I often look in awe at the phenomenally improved standard of living we have in North America. As a very rough way of looking at it, I use something I call the Rule of Ten. Here's how it works:
Very roughly speaking, for many jobs people nowadays earn about ten times what they earned back in the mid-1950s. The minimum wage is roughly ten times what it was then, teachers' starting salaries are roughly ten times what they were then, and new assistant professors in economics earn roughly ten times what they earned back then.So what has happened to prices since then? For the most part, prices have risen less than tenfold.
- A 17" B&W television back then was $120 as I recall; for $1200 today you can buy one heck of a big high-definition television set.
- A large reel-to-reel tape recorder was about $75; for $750 today you can buy an iPhone4. And maybe a tivo, too!
- 45 rpm singles listed at 99 cents back then; today you can buy two single songs (as if you ever really wanted both the A and B sides of those 45s) for $1.98 from iTunes, the equivalent of about 20 cents back then.
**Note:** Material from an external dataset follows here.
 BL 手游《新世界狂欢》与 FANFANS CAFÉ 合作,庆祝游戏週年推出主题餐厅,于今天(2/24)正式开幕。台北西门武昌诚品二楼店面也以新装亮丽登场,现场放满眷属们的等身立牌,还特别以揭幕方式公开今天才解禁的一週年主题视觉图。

And you don't have to leave home to do it.
- Levis were $4 then; standard name-brand jeans are about $25 now, maybe more for designer jeans in upscale outlets.
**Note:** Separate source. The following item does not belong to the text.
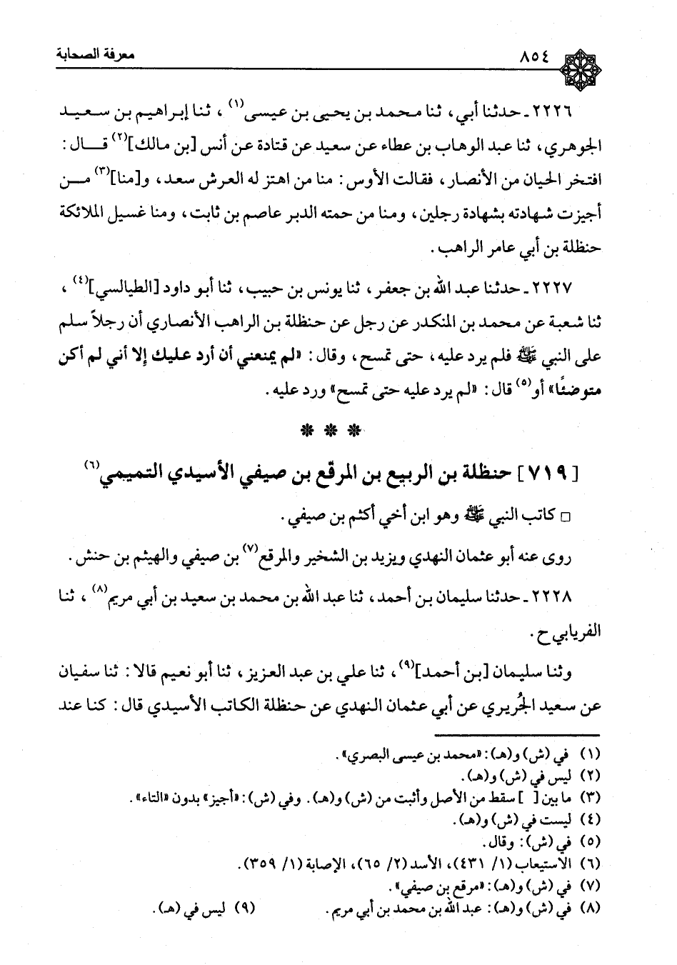 ٢٢٢٩ - حَدَّثَنَاهُ أَبُو عَمْرِو بْنُ حَمْدَانَ، ثنا الْحَسَنُ بْنُ سُفْيَانَ، ثنا الصَّلْتُ بْنُ مَسْعُودٍ، وَبِشْرُ بْنُ هِلَالٍ، قَالَا: ثنا جَعْفَرُ بْنُ سُلَيْمَانَ، ثنا الْجُرَيْرِيُّ، عَنْ أَبِي عُثْمَانَ، عَنْ حَنْظَلَةَ الْأُسَيِّدِيِّ، وَكَانَ مِنْ كُتَّابِ النَّبِيِّ صَلَّى اللَّهُ عَلَيْهِ وَسَلَّمَ قَالَ: أَتَيْتُ أَبَا بَكْرٍ، فَقُلْتُ: كَيْفَ أَنْتَ يَا أَبَا بَكْرٍ قَالَ: قُلْتُ: نَافَقَ حَنْظَلَةُ يَا أَبَا بَكْرٍ قَالَ: سُبْحَانَ اللهِ مَا تَقُولُ؟ قَالَ: قُلْتُ: نَافَقَ حَنْظَلَةُ يَا أَبَا بَكْرٍ قَالَ: وَمَا ذَاكَ؟ قَالَ: قُلْتُ: نَكُونُ عِنْدَ النَّبِيِّ صَلَّى اللَّهُ عَلَيْهِ وَسَلَّمَ يُذَكِّرُ بِالنَّارِ وَالْجَنَّةِ كَأَنَّا رَأْيُ عَيْنٍ، فَإِذَا خَرَجْنَا مِنْ عِنْدِهِ عَافَسْنَا الْأَزْوَاجَ وَالْأَوْلَادَ وَالضَّيْعَاتِ فَنَسِينَا كَثِيرًا، فَذَكَرَ الْحَدِيثَ مِثْلَهُ وَرَوَاهُ الثَّوْرِيُّ عَنْ سَلَمَةَ بْنِ كُهَيْلٍ، عَنِ الْهَيْثَمِ بْنِ حَنَشٍ، عَنْ حَنْظَلَةَ، نَحْوَهُ

- Soft drinks from a machine were 5-10 cents. Today the prices range from 50 cents - $2.
- A good steak dinner at a nice restaurant was $2.70; that's not far from today's prices that range from $25 - $30.
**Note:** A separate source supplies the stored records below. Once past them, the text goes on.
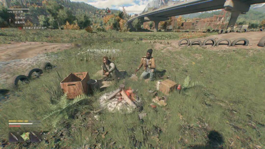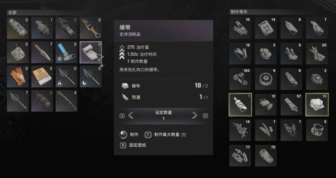 在穷得直呲牙的前3-4个小时,我为普通模式下随处可见的烈酒(能搓绷带和燃烧瓶)、线材(能搓飞刀)、羽毛(能搓弓箭)等基础资源疲于奔命。有时我不得不用赤手空拳跟丧尸搏斗,因为一旦把手头的武器砸坏了,短时间内还捡不到能用的武器。
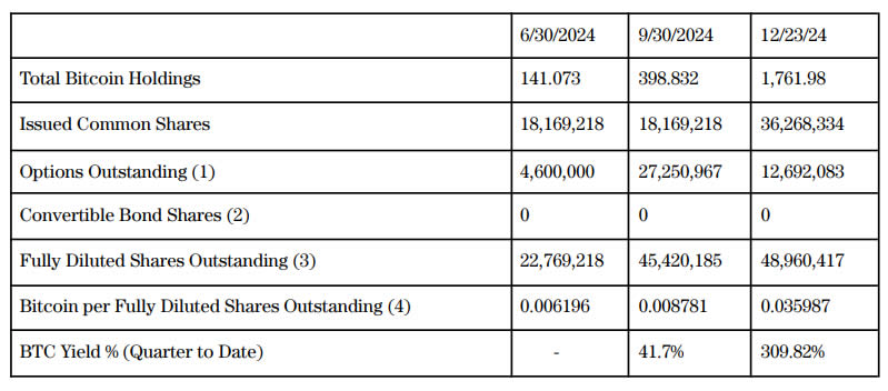 Công ty tuyên bố, họ đang sử dụng "BTC Yield" (chỉ số để thống kê hoạt động đầu tư BTC do MicroStrategy đưa ra) nhằm "đánh giá hiệu quả chiến lược gom mua Bitcoin, với mục đích mang lại lợi ích cho các đổ đông".
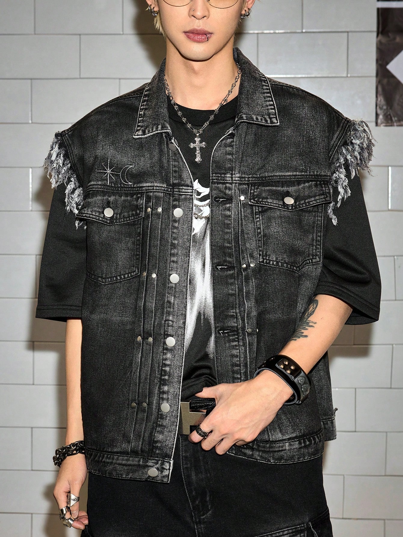 Street Life Gilet di jeans casual da uomo con ricamo di stelle e lune, monopetto, con tasche e orlo sfrangiato
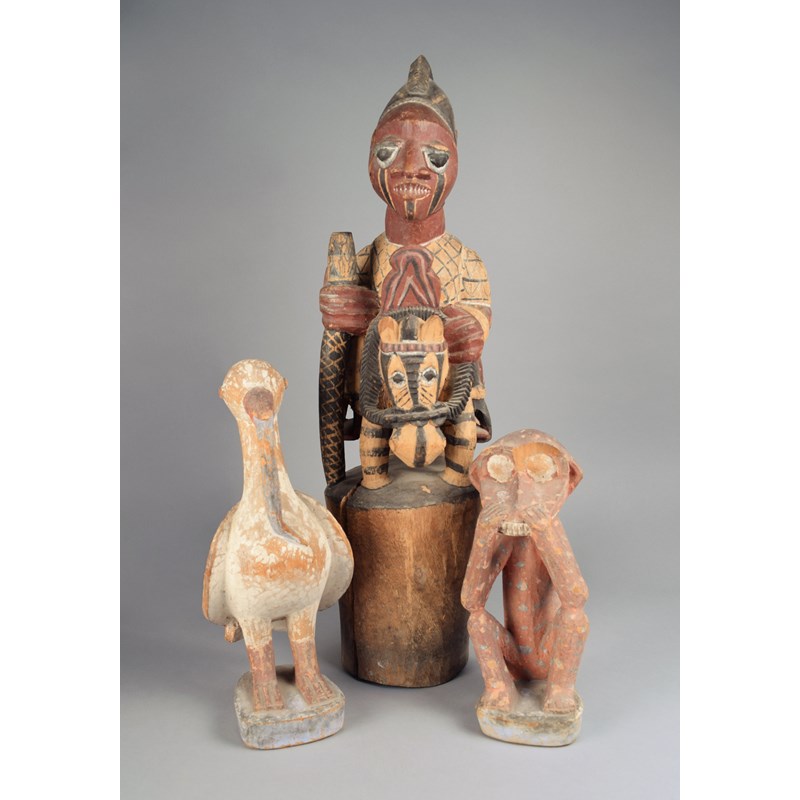 a Yoruba carved seated monkey and a bird swallowing a snake, both polychrome decorated, 28.5cm and 36cm high.

- A cross-country long-distance call (placed through an operator, of course, since there was no direct-dial possible) was maybe $3/minute. Compare that with today's plans that charge less than $.03/minute which, applying the rule of ten, would have been only $.003/minute back then.
- etc.
Of course there are exceptions. A house that went for maybe $6K then would likely sell for more than $60K today, but maybe not, depending on the locale.
Gasoline was 29 cents/gallon then, not much different from the $2.90 today.
Most drug-store paperbacks sold for $.25 - $.50 then, much less than the $5 or less that the rule of ten would imply today.
It's hard to tell about cars. Bottom-of-the-line cars listed at about $1500 then. I guess that's not far from the $15000 today. Of course today's cars are more fuel efficient and safer and, for the most part, much better built. But today's cars seem smaller, too; or maybe it's just that I'm bigger. And even the cheapest car available today has to be miles better than the Henry J was back then.
At the same time, the environment seems much cleaner now. I was raised in a factory town in Michigan that had tonnes of pollution from all the foundries, the paper mill, the Marathon refinery, etc. When I visit that town now, most of the foundries are gone and those that remain have reduced emissions. You can barely smell the paper mill, even when you drive past it. And Marathon no longer pumps tonnes of sulphur crud into the air. [digression: it's dumb but I have some nostalgic memories of those awful smells]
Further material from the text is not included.